*** GIVEN DATA ***

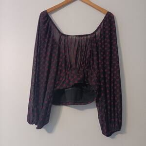 Free People Sweetie Pie Sheer Floral Mesh Top Black M
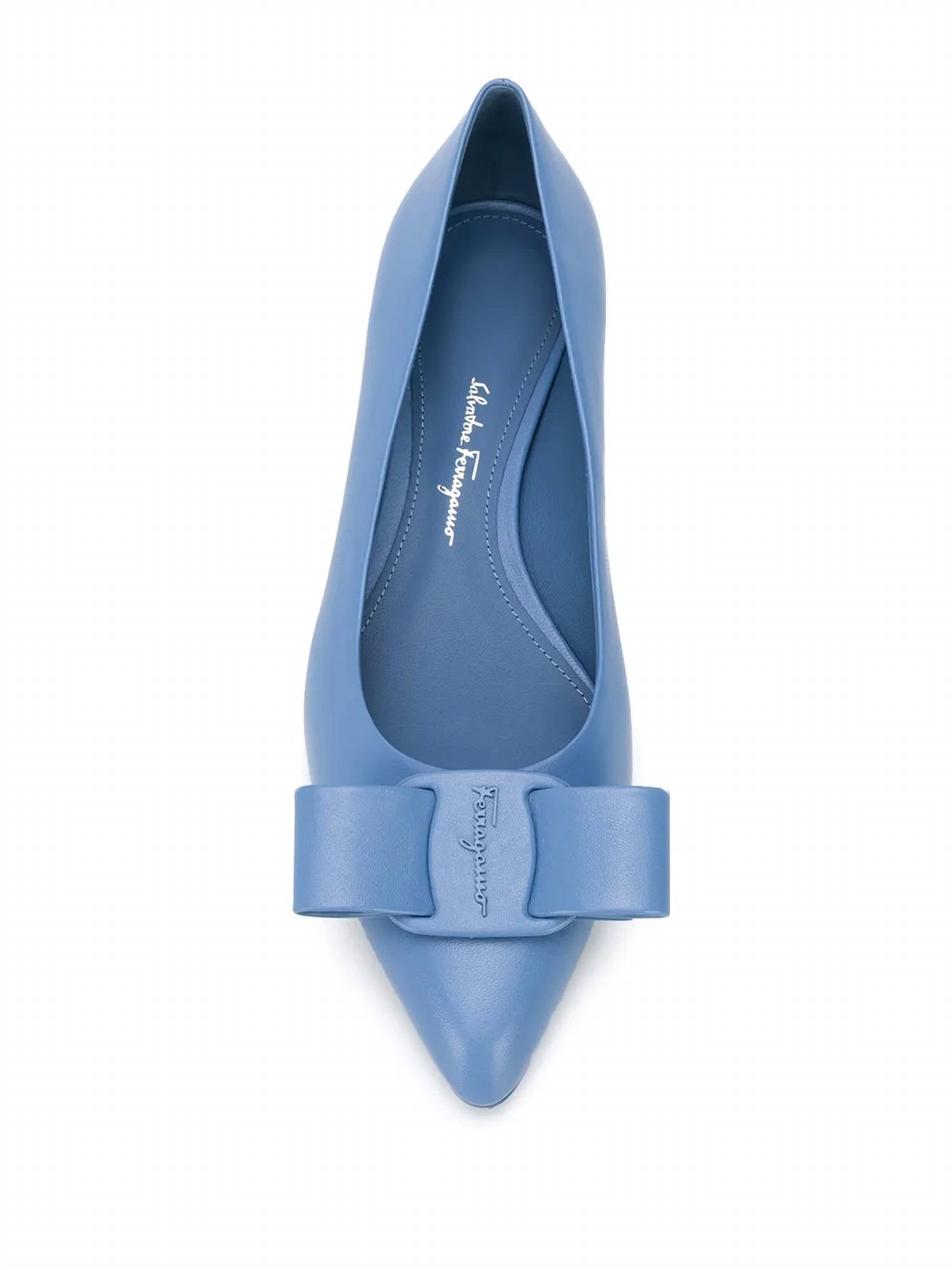 A preppy yet feminine take on the classic loafer. Step into elegance with the Women's Viva Ballerina Shoes by Salvatore Ferragamo, a refined choice for any dinner party or special occasion. Expertly crafted in Italy, these flats feature a chic pointed toe and the iconic Vara bow detail, complete with a logo plaque, embodying the "Quiet Luxury" trend. Fully composed of 100% calf leather for the outer, lining, and sole, these shoes promise unparalleled quality and comfort. Embracing a cornflower blue hue, they are the perfect flat heel choice for a sophisticated spring look.
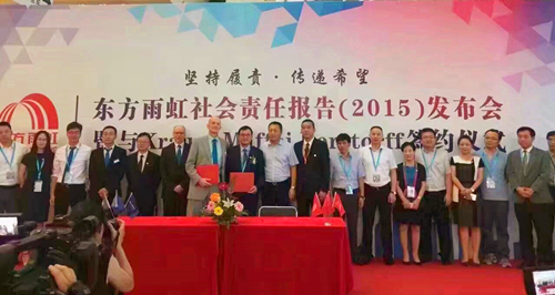 與此同時,14日上午東方雨虹發(fā)布了《2015年企業(yè)社會責(zé)任報告》,這是東方雨虹連續(xù)第8年發(fā)布社會責(zé)任報告了,再次為國家、為社會、為客戶、為員工、為股東呈上了一份滿意的答卷。中國建筑防水協(xié)會秘書長朱冬青先生、副會長苗燕女士應(yīng)邀出席了本次發(fā)布活動。
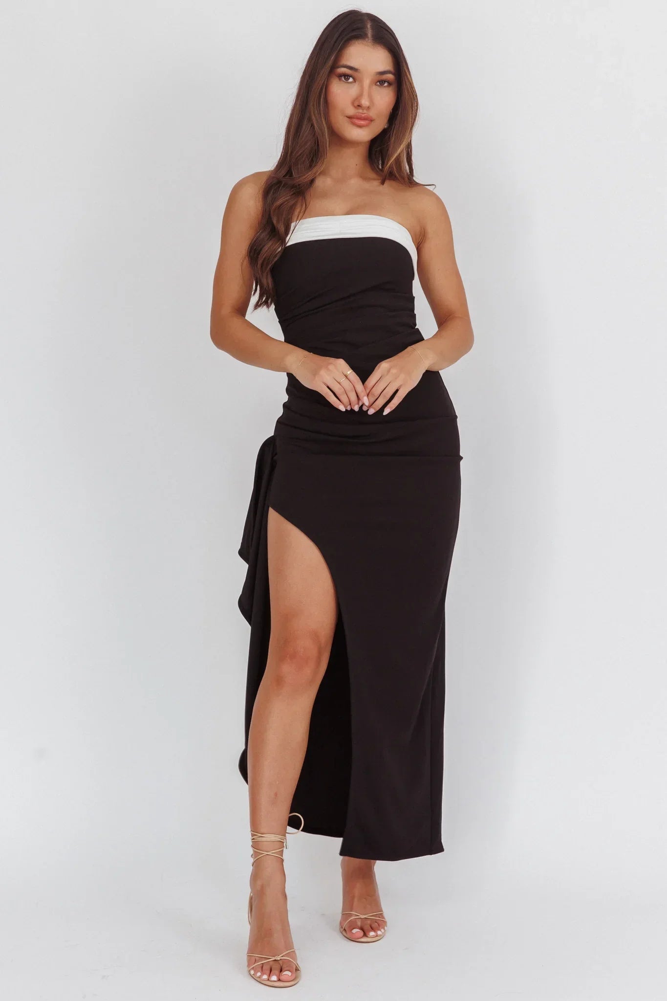 Make them do a double take in our super hot Cha Cha maxi dress. It features a strapless design and thigh-high split and is perfect for dancing the night away in the arms of your lover. Team it with a choker necklace and tie-up stilettos for a look that will have them head over heels.

*** End of GIVEN DATA ***

§ **TASK REQUIREMENTS**:
Without the pictures, repeat the listing word for word.

§ **RESPONSE AREA**:
 Free People Sweetie Pie Sheer Floral Mesh Top Black M
 A preppy yet feminine take on the classic loafer. Step into elegance with the Women's Viva Ballerina Shoes by Salvatore Ferragamo, a refined choice for any dinner party or special occasion. Expertly crafted in Italy, these flats feature a chic pointed toe and the iconic Vara bow detail, complete with a logo plaque, embodying the "Quiet Luxury" trend. Fully composed of 100% calf leather for the outer, lining, and sole, these shoes promise unparalleled quality and comfort. Embracing a cornflower blue hue, they are the perfect flat heel choice for a sophisticated spring look.
 與此同時,14日上午東方雨虹發(fā)布了《2015年企業(yè)社會責(zé)任報告》,這是東方雨虹連續(xù)第8年發(fā)布社會責(zé)任報告了,再次為國家、為社會、為客戶、為員工、為股東呈上了一份滿意的答卷。中國建筑防水協(xié)會秘書長朱冬青先生、副會長苗燕女士應(yīng)邀出席了本次發(fā)布活動。
 Make them do a double take in our super hot Cha Cha maxi dress. It features a strapless design and thigh-high split and is perfect for dancing the night away in the arms of your lover. Team it with a choker necklace and tie-up stilettos for a look that will have them head over heels.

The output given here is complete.